== What needs to be done ==
From the line containing "Každá súprava je" to the last line of the data, both included, transcribe each line exactly, leaving out pictures and adding nothing.

[Dataset excerpts]
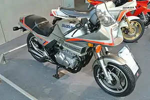 The Suzuki XN85, released in early 1983, was a turbocharged motorcycle designed as a sports bike. The name came from the claim that it produced 85 bhp, although rear wheel measurements were in the low 70s. It featured the first factory 16-inch front wheel (at least in the U.S.), previously seen only on race bikes. It also had low clip-on handlebars, rearset foot pegs, four-into-one exhaust, electronic fuel injection, and a monoshock rear suspension called the Suzuki Full Floater—the first to feature this. Its styling was derived from the Suzuki Katana.[3]
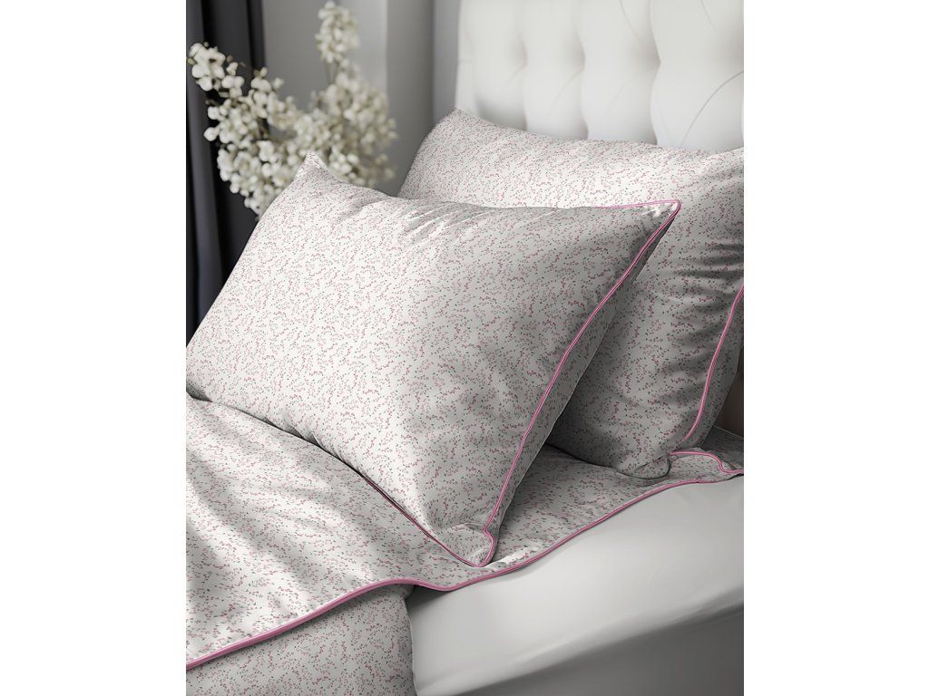 Každá súprava je zakončená plochým lemovaním, ktoré dodáva obliečkam luxusný vzhľad a zabraňuje deformácii tkaniny počas používania. Navyše obliečky na vankúše majú jemné prispôsobenie, čo pridáva eleganciu a výnimočný charakter.
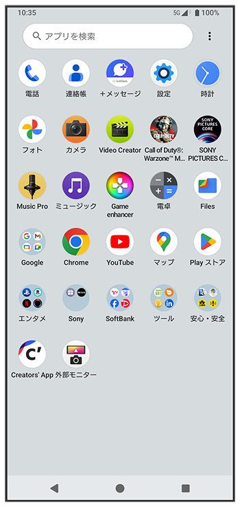 「ランチャー画面」は、ホーム画面で画面を上にフリックすると表示できます。
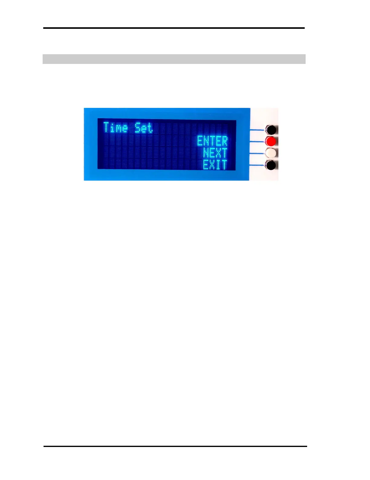 Pressing the lower “Black” pushbutton exits the Time Set menu and then
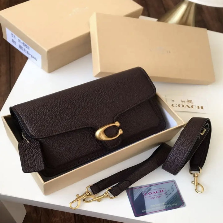 شنطة كوتش تابي COACH طبق الأصل بلون بني داكن أنيق، مصنوعة من جلد فاخر محبب بجودة عالية، تصميم راقي وعملي للإطلالات اليومية والمناسبات. مزودة بإغلاق مغناطيسي بحرف “C” الذهبي الأيقوني، وحزام طويل قابل للتعديل.
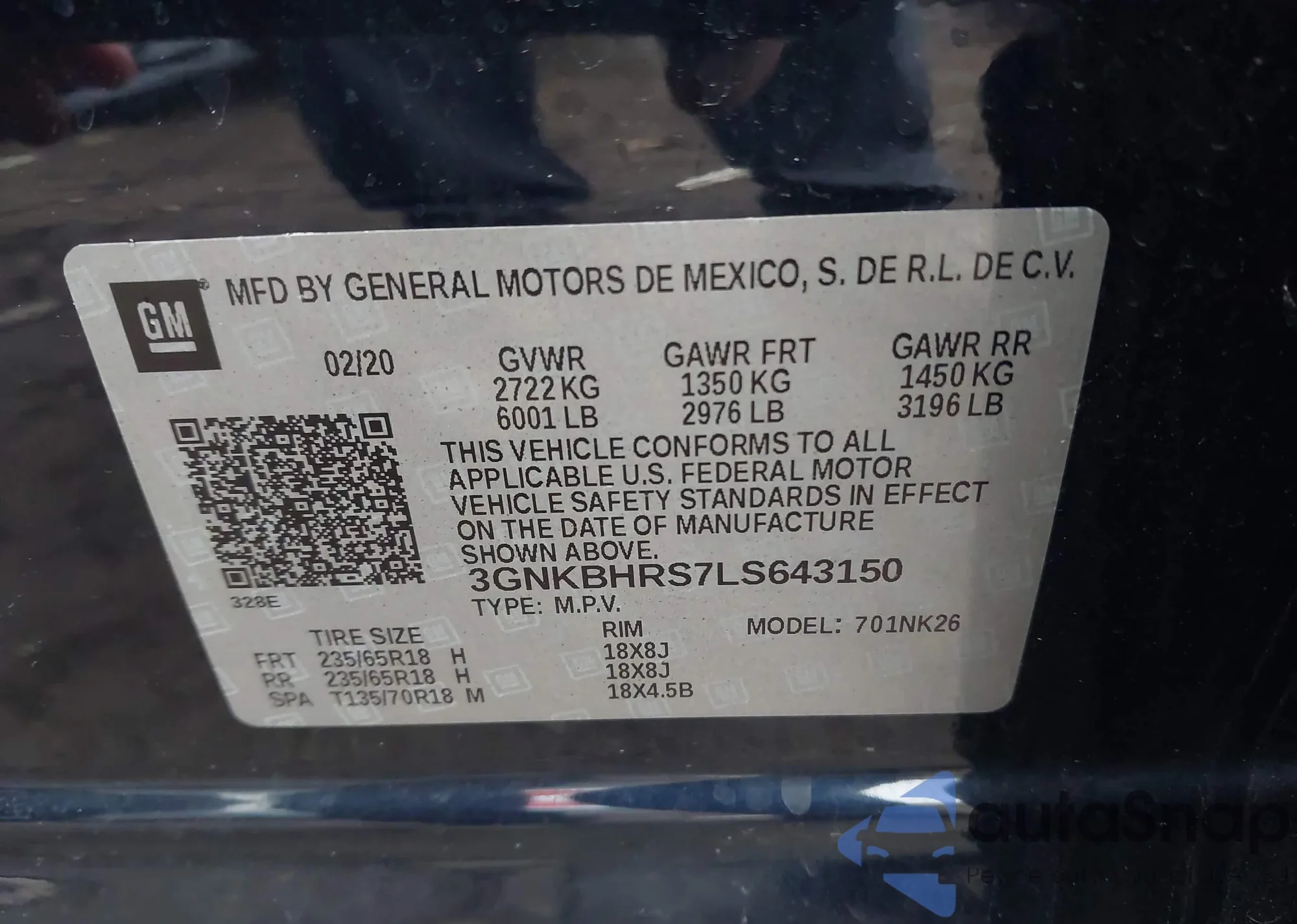 • VIN 3GNKBHRS7LS643150

== Result ==
 Každá súprava je zakončená plochým lemovaním, ktoré dodáva obliečkam luxusný vzhľad a zabraňuje deformácii tkaniny počas používania. Navyše obliečky na vankúše majú jemné prispôsobenie, čo pridáva eleganciu a výnimočný charakter.
 「ランチャー画面」は、ホーム画面で画面を上にフリックすると表示できます。
 Pressing the lower “Black” pushbutton exits the Time Set menu and then
 شنطة كوتش تابي COACH طبق الأصل بلون بني داكن أنيق، مصنوعة من جلد فاخر محبب بجودة عالية، تصميم راقي وعملي للإطلالات اليومية والمناسبات. مزودة بإغلاق مغناطيسي بحرف “C” الذهبي الأيقوني، وحزام طويل قابل للتعديل.
 • VIN 3GNKBHRS7LS643150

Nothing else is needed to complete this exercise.